I've replaced the oilers on Poulans and Homelites they would still leak bar oil during storage, but oil correctly when being used, so I either dump the bar oil or store the saw in a carrying case or catch pan and let it relieve itself in the bedpan.;)

I've patched holes and slits in Rubber CV boots on my ATV front axles (as a temporary repair) using a electrical liquid rubber that bonds real good and stays flexible, just cleaned the boot surface good with lacquer thinner and apply light coat and when the first coat gets tacky apply a second coat and let dry for 24 hours. Think it's made by 3M and sold as liquid electrical tape and comes in a can with a brush attached to the lid.
The black liquid rubber sealer actually sealed the CV ribbed rubber boots really good enough to hold in grease and keep out water even with the CV boot flexing if the previous rubber damage was not real severe for long time so as I did not have to make immediate repairs.
 
Okie. Luckily it wasn't torn in a critical area. Good tip to know!!!
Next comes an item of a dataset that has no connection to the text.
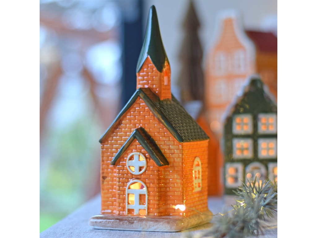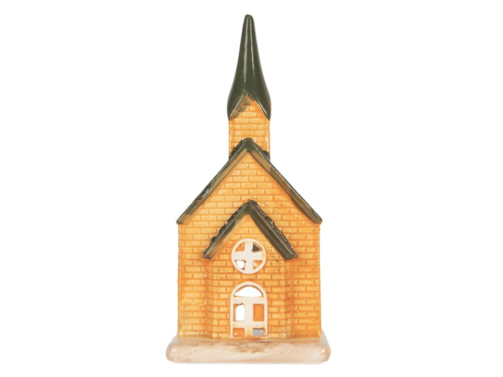 Domeček na čajové svíčky 9x8x21 cm oranžový keramika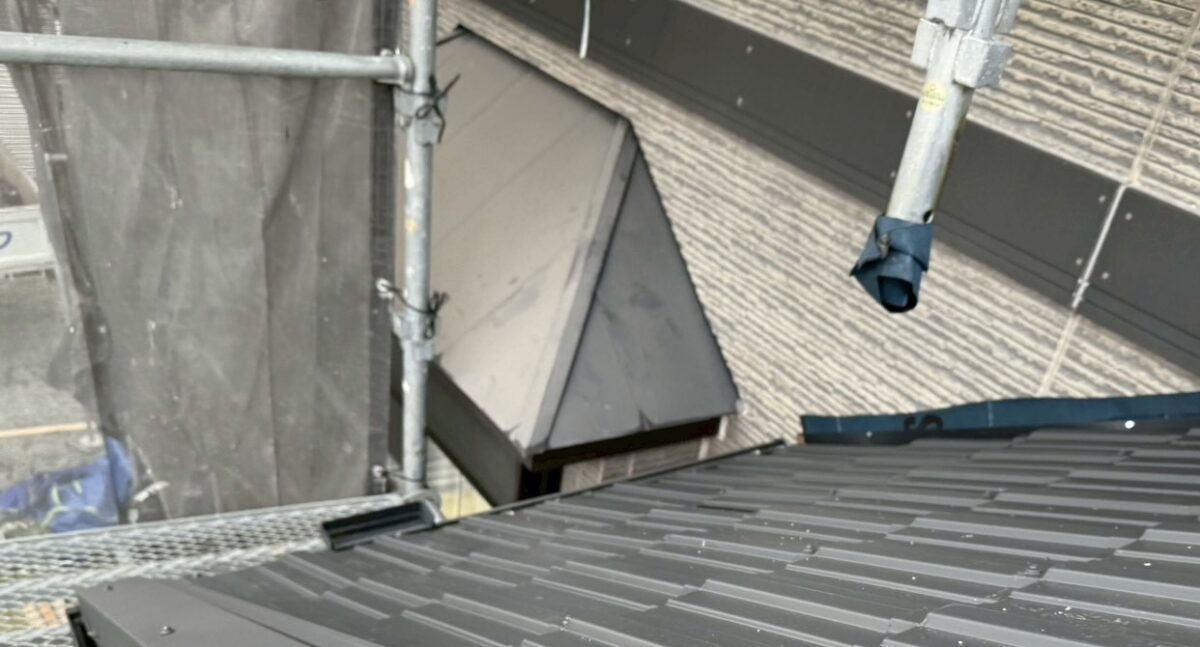 さらに壁際などの取り合い部分についても、板金や役物を使ってしっかり防水処理を行い、きれいに仕上げました。

Sitting there, the saw does not nessecarily keep leaking... but it does leak awhile after operation.... I disagree with the fact that over oiling is better. There is a point where the oil sludge becomes problematic and plugs up the saw like this one. The plus side... This is the same bar on a saw thats been used for 20 years or more haha. I don't know.

Boomer...Yes dad loves this saw. When it broke he replaced with an MS290 but he much preferred this one still. Someone stole the 290 so now he has a saw again for 20 years hopefully.
 
Just to follow up on this thread.

Dad is still running and LOVING this saw to bits- its a strong performer. However, the saw has big problems with not starting when "hot"or after refueling.

The problem is, the fuel tank leaks because of the poorly fitting lines and fouls out the ignition switch grounding the saw. Once the area has some time to dry, it comes back to life no problem. We've taken to just fueling it in half tanks at this point.

Just wondering if anyone has a suggestion for a sealant for the lines that will hold up in this environment. I still have some of the gasket dressing and sealant I used on the intake boot tear I was going to try.
 
Just to follow up on this thread.

Dad is still running and LOVING this saw to bits- its a strong performer. However, the saw has big problems with not starting when "hot"or after refueling.

The problem is, the fuel tank leaks because of the poorly fitting lines and fouls out the ignition switch grounding the saw. Once the area has some time to dry, it comes back to life no problem. We've taken to just fueling it in half tanks at this point.
Use the correct size lines or something closer. What size line did you use? Where exactly is it leaking from?